In the "Chola Widow" sketch, Melville has reconfigured the plight and rescue of Morrell's five abandoned seal hunters.  Morrell's dissolute Van Doras is the prototype of Melville's "joyous" French captain who leaves the Cholos trusting in tortoises for "ample pledge" of his "blithesome promise" to return.
 He left with them sufficient water and provisions to last three weeks, pledging himself to be back in a fortnight, and take them off. They went cheerfully to work, and faithfully performed the duties assigned them for fourteen days, at the expiration of which they began to look out for the return of the vessel ; but they looked in vain.
(Benjamin Morrell's Narrative)
and 2) David Porter's Journal of a Cruise provided--as Sattelmeyer and Barbour (405) also show--suggestive details used in describing the scattered bones and tortoise shells around Hunilla's hut.
Looking again into Porter I find another borrowing for Melville's Hunilla sketch in the section on Payta, birthplace of Melville's heroine ("A Chola, or half-breed Indian woman, of Payta in Peru").  Nearing Payta, Porter sees
"two rafts or catamarans, steering by the wind...." (Journal of a Cruise)
In describing these log rafts (from Guayaquil, to Porter's astonishment) Porter emphasizes their poor ("clumsy") construction and "frail" appearance:
 there can be no stronger proof of the mildness of this ocean, so justly, in this part, deserving the name of the Pacific, than the fact, that the loss of those vessels, frail as they are, is very uncommon.  (Journal of a Cruise)
Information from the sailors of the catamaran persuades Porter to skip Payta and head for "the Gallipagos Islands."  In the Hunilla sketch, Melville has Felipe and Truxill "too hastily" construct the same type of raft, which Melville also calls a catamaran, that Porter criticized as structurally unsound and dangerous except in the mildest seas:
 ... they, too hastily, made a catamaran, or Indian raft, much used on the Spanish main, and merrily started on a fishing trip, just without a long reef with many jagged gaps, running parallel with the shore, about half a mile from it.
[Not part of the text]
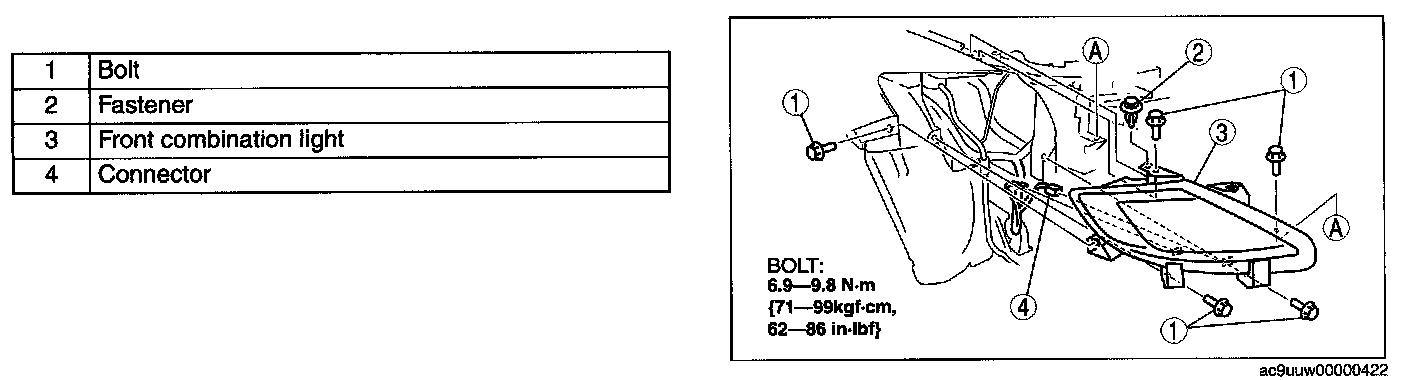 FRONT COMBINATION LIGHT REMOVAL/INSTALLATIONWARNING: Incorrect servicing of the discharge headlights could result in electrical shock. Before servicing the discharge headlights, always refer to the discharge headlight service warnings.

By some bad tide or hap, or natural negligence of joyfulness (for though they could not be heard, yet by their gestures they seemed singing all the time) forced in deep water against that iron bar, the ill-made catamaran was overset, and came all to pieces, when, dashed by broad-chested swells between their broken logs and the sharp teeth of the reef, both adventurers perished before Hunilla's eyes. ("Chola Widow")
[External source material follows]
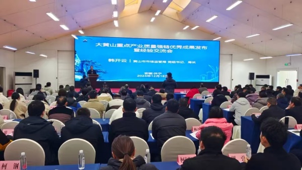 2024年12月18日,大黄山重点产业质量强链优秀成果发布暨经验交流会在黄山市休宁县召开。会议由黄山市市场监管局、池州市市场监管局、安庆市市场监管局、宣城市市场监管局、大黄山首席质量官联盟、黄山市质量品牌促进会共同主办。会上,黄山百大获评首届“大黄山服务质量标杆单位”荣誉称号;黄山百大董事长、总经理沈萍同志获评“2024年大黄山首席质量官质量变革创新实践10佳案例”。

In writing "The Encantadas" Melville got back to one of his oldest trustiest source-books, David Porter's Journal of a Cruise.  Sketch Eighth too is more indebted to Porter than we knew.  And close by Melville had Morrell's Narrative of Four Voyages, obtained in April 1847, and probably the story of "A Female Crusoe," first published January 7, 1847 in the Boston Atlas and reprinted March 27, 1847 in Littell's Living Age.  Old old old sources.
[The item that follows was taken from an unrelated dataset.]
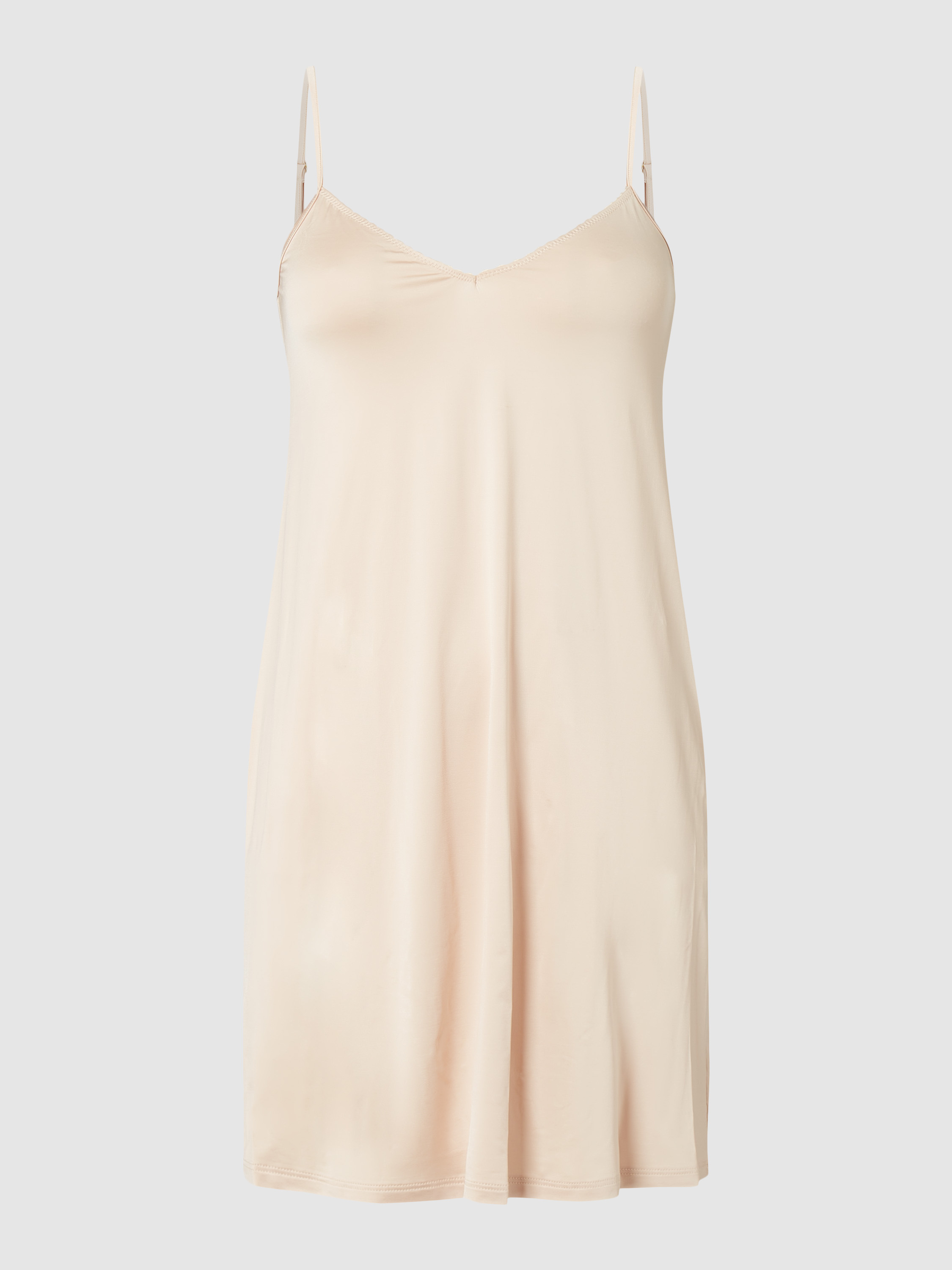 Das elegante Unterkleid von HANRO, Modell Satin Deluxe, kombiniert einen Viskose-Elasthan-Mix mit einem leicht ausgestellten Schnitt, der sanft die Silhouette umschmeichelt. Satin und Zierborte verleihen eine subtile Eleganz, während verstellbare Träger für individuellen Tragekomfort sorgen. Ein V-Ausschnitt rundet das Design harmonisch ab.

So when DID Melville compose the "Chola Widow" sketch?  Earlier, rather than later in 1853?  In November 1853 he wrote the Harpers proposing a new book of "Tortoise Hunting Adventure."  Wanted $300, said it was "now in hand, and pretty well on towards completion."  I'm not sure if Hunilla was the heroine of that uncompleted book, but I know she was a tortoise hunter.